No, she wasn't any prettier than anyone else. Her moth-devoured clothes were cinched together just like ours. See here, the tiny threaded knots we learned how to--
What about the legendary fairy godmother? Tell us about that! Did you witness her visits?
Those visits took place at night; we were still working at the factory, or shoveling muck, or maybe, if we were lucky, catching a few precious minutes' sleep.
The reporters didn't hide their disappointment at our inability to shed light on how and why, but we shrugged and pointed them to her stepsisters, now bedecked in the satins and sparkles they'd long understood they deserved. Her stepsisters would give them all the reassurances they sought, how oh yes, they knew from the beginning, just how sweet, just how lovely, just how different she was from all the other girls. Let us tell you how birds would fly to her window and sing their beautiful songs just for her! Her hunger was starker, her dreams more tormented, and her heart purer.

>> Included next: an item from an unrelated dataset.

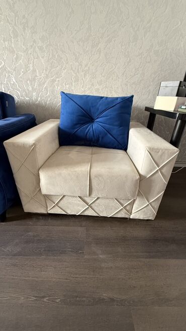 - Komplektlə gələnlər: Dekorativ mavi yastıqlar (kreslo və divan üçün)
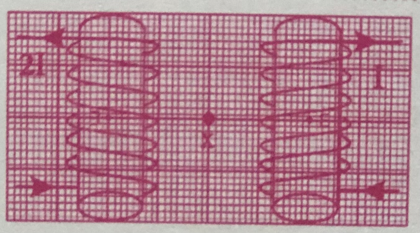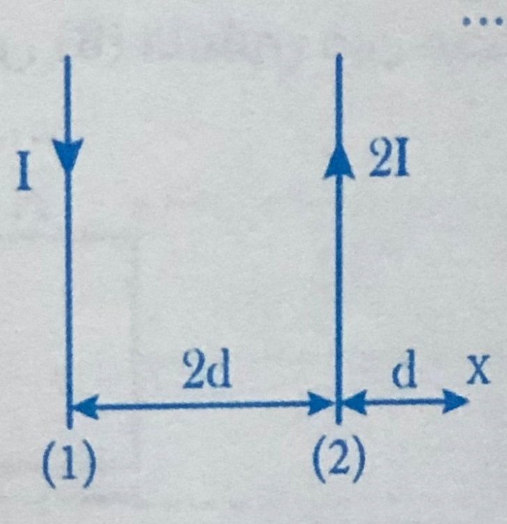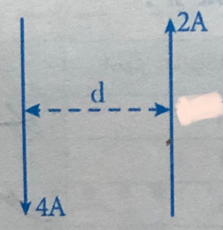 6- 6- سلكان متوازيان المسافة بينهما cm (d) يمر بهما تيار 2A ,4A في اتجاهين متضادين فإذا عُكس اتجاه التيار أحدهما فإن نقطة التعادل تُزاح مسافة……..؟

Why her? the reporters asked us. Why her, and not you?
It was random, we said; it could have been anyone. Our neighborhood has enough hungry boys and girls to occupy fifty fairy godmothers.
We didn't tell the reporters that the junior fairy godmothers used to stumble through here sometimes, giggling and shouting out dares to each other, turning rocks into golden balls, or frogs into fountains. None of us knew which of them it was that one night who felt inspired to turn rags into a ballgown, but the whole neighborhood heard their shrieks of mirth and watched in silence as one who could have been any of us was dragged off in a rat-drawn pumpkin.
For weeks the newspapers quoted her fawning sisters and splashed glittering photos across their pages. They called her a natural born princess, different from all of us, the sort of person for whom magic will always find a way.
How does one become the kind of person for whom magic always finds a way? we asked ourselves a few days after her wedding, when globs of pink and gold confetti mixed with shards of once-perfect glass slipper souvenirs floated into our murky runoff ditches.
Like with all the other questions, though, nobody knew the answer.
We did see her once, months later, when she accompanied the engineering corps on a tour of our neighborhood. They thought she'd like to come along, because maybe she had some ideas about how to clean the place up, how to breathe some life into this hapless quarter of the city.
She glanced out the coach's window at us, right as a chance ray of sunlight escaped the roiling clouds and shone on her. For the tiniest piece of a moment her hair and crown burned with sun-flames.
"Well of course," she said, her expression unreadable. "I have loads of ideas."
But the storm clouds tumbled back over and the coach lurched on before we could hear any of them.
How do you feel, the reporters asked later, having had a real live princess visit you?
Lucky, said one of us; and somewhere in the distance, though perhaps it was only thunder, I thought I heard the faintest peals of laughter.